_What is being asked:_
Output the entries below word for word, stopping once the line containing "کابل 2 سر تایپ" is done, and omit each picture.

(Collected data entries)
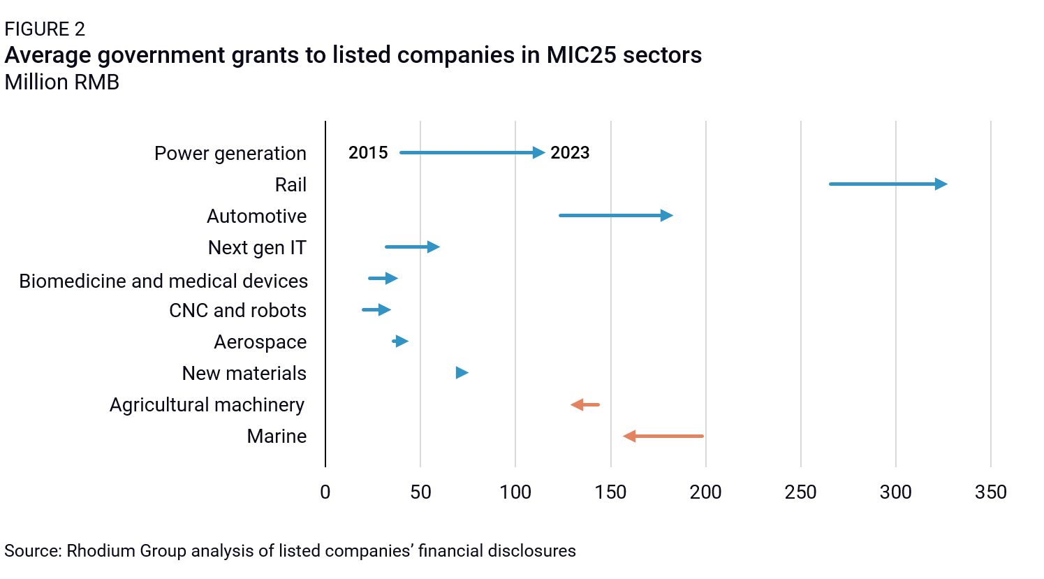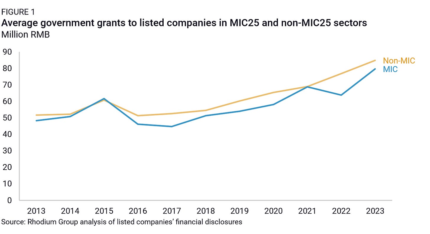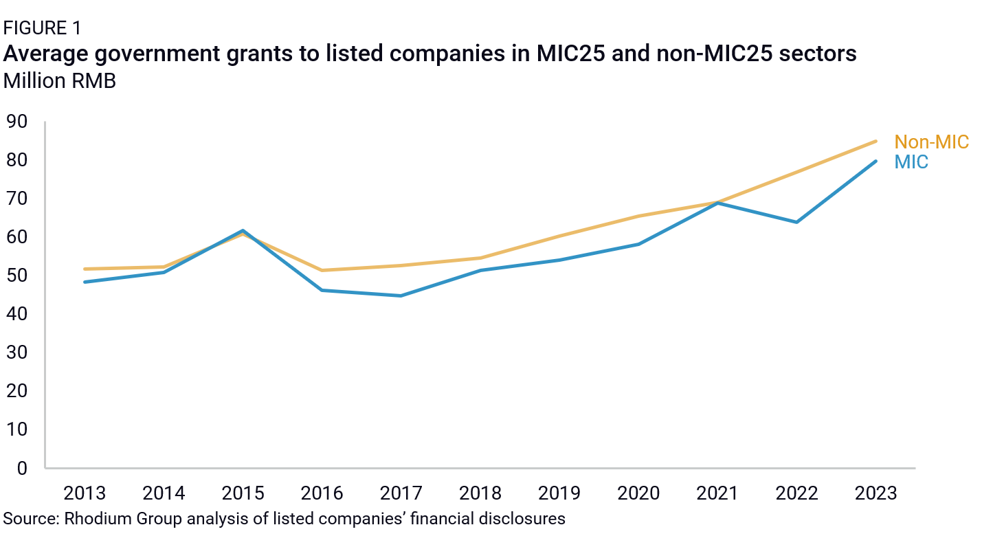 通过赠款提供的直接支持——中国产业政策冰山中最明显的一角——在这个生态系统中经历了最不令人印象深刻的增长。2015 年至 2023 年期间,政府对上市公司的平均补助增长了 80%,比往年更快,但低于中国的 GDP 增长。更重要的是,数据中看不到将资源重新集中到关键部门的预期。相反,非 MIC25 行业的公司(根据我们的估计,占 2023 年上市公司数量的 67%)似乎至少从政府补助的增加中受益(图 1)。
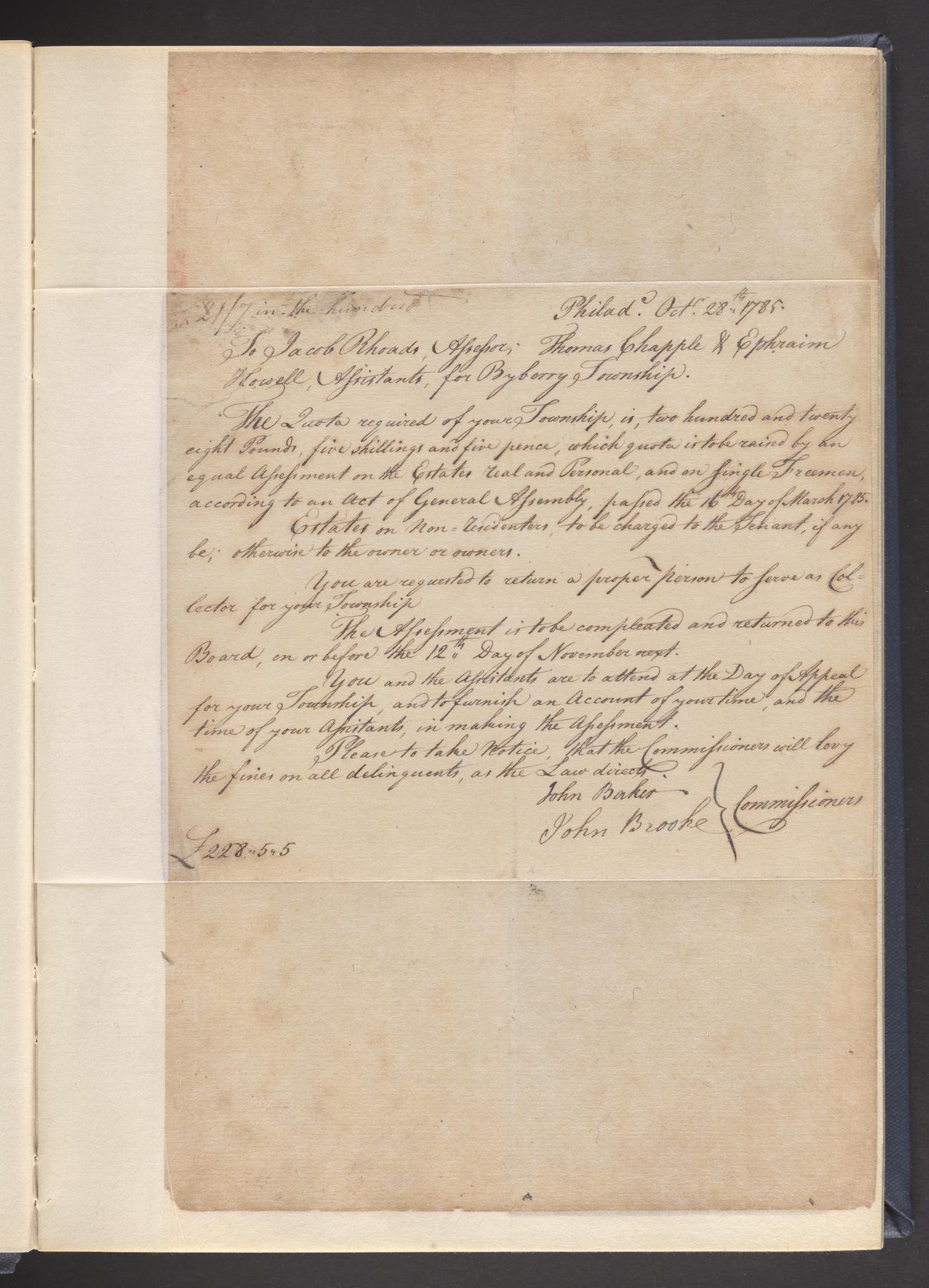 State and County tax assessment ledger, Byberry TownshipCall number
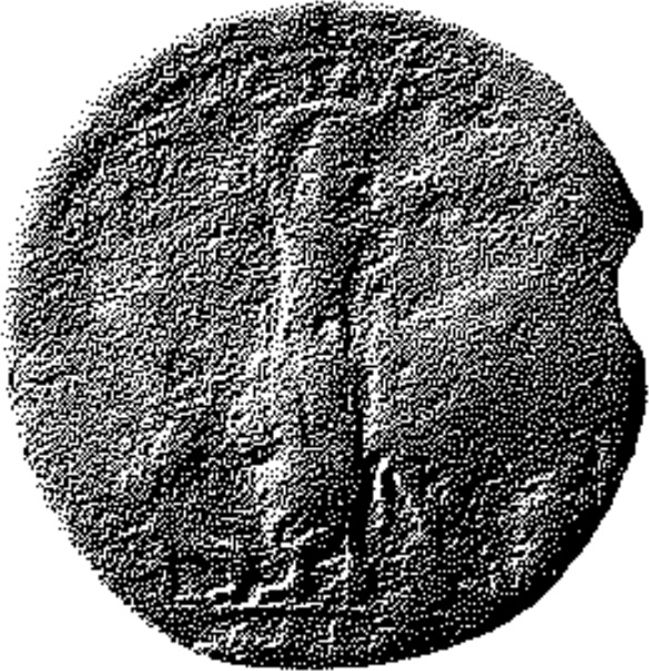 Dionysus standing facing, right right, hand raised over head, supported by satyr standing left, holding pedum; at feet, left, panther |
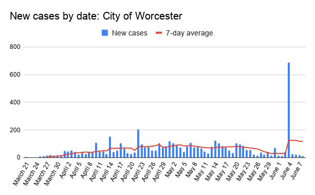 The City of Worcester reported 13 new cases, which increased the overall number in the city to 5,031.
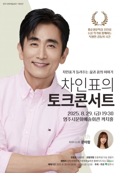 [아시아월드뉴스] 영주시문화예술회관은 오는 8월 29일 오후 7시 30분 까치홀에서 2025 기획공연 ‘차인표의 토크 콘서트’를 개최한다고 밝혔다.
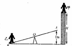 13.(13分)杂技演员甲的质量为M=80kg,乙的质量为m=60kg。跳板轴间光滑,质量不计。甲、乙一起表演节目。如下图所示,开始时,乙站在B端,A端离地面1m,且OA=OB。甲先从离地面H=6m的高处自由跳下落在A端。当A端落地时,乙在B端恰好被弹起。假设甲碰到A端时,由于甲的技艺高超,没有能量损失。分析过程假定甲、乙可看做质点。
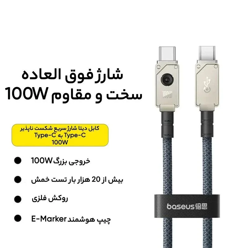 کابل 2 سر تایپ سی ساخته شده از مواد مورد استفاده در صنایع نظامی Baseus
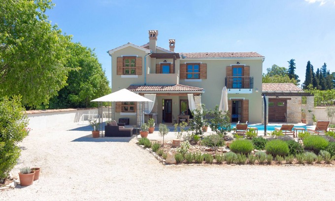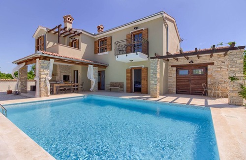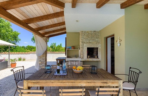 Beautiful Istrian villa with private poolThe wonderful villa Gracia Patricia is located in the calmness of the countryside, exactly in a small village of Central Istria.The villa is not so far away from the wonderfull beaches of the beautiful well known village of Fazana. This is a luxury villa in istrian style that can accomodate up to eight persons within its comfy four bedrooms. On the ground floor is located a cosy living room with fireplace that offers a warm home atmosphere. Next to the living room is a nice wooden fully equipped kitchen with a dining area. All bedrooms have ensuite bathrooms with shower and one of them is located on the ground floor. The remaining three bedrooms are located on the first floor and all have nice terraces where you can enjoy in a morning coffe and in a stunning view of the surroundings. In the garden there is a large swimming pool ideal to cool off from warm and sunny days. Next to the pool are sun loungers and a cozy covered lounge area. There is also large stone barbecue under a nice wooden covered terrace. The youngest will enjoyin the small football field. Villa Gracia Patricia is completely air conditioned, has WiFi, private parking lot inside the plot and everything you need for a perfect holiday!*Charging for an E-Car is €150 / week*

_Exercise result:_
 通过赠款提供的直接支持——中国产业政策冰山中最明显的一角——在这个生态系统中经历了最不令人印象深刻的增长。2015 年至 2023 年期间,政府对上市公司的平均补助增长了 80%,比往年更快,但低于中国的 GDP 增长。更重要的是,数据中看不到将资源重新集中到关键部门的预期。相反,非 MIC25 行业的公司(根据我们的估计,占 2023 年上市公司数量的 67%)似乎至少从政府补助的增加中受益(图 1)。
 State and County tax assessment ledger, Byberry TownshipCall number
 Dionysus standing facing, right right, hand raised over head, supported by satyr standing left, holding pedum; at feet, left, panther |
 The City of Worcester reported 13 new cases, which increased the overall number in the city to 5,031.
 [아시아월드뉴스] 영주시문화예술회관은 오는 8월 29일 오후 7시 30분 까치홀에서 2025 기획공연 ‘차인표의 토크 콘서트’를 개최한다고 밝혔다.
 13.(13分)杂技演员甲的质量为M=80kg,乙的质量为m=60kg。跳板轴间光滑,质量不计。甲、乙一起表演节目。如下图所示,开始时,乙站在B端,A端离地面1m,且OA=OB。甲先从离地面H=6m的高处自由跳下落在A端。当A端落地时,乙在B端恰好被弹起。假设甲碰到A端时,由于甲的技艺高超,没有能量损失。分析过程假定甲、乙可看做质点。
 کابل 2 سر تایپ سی ساخته شده از مواد مورد استفاده در صنایع نظامی Baseus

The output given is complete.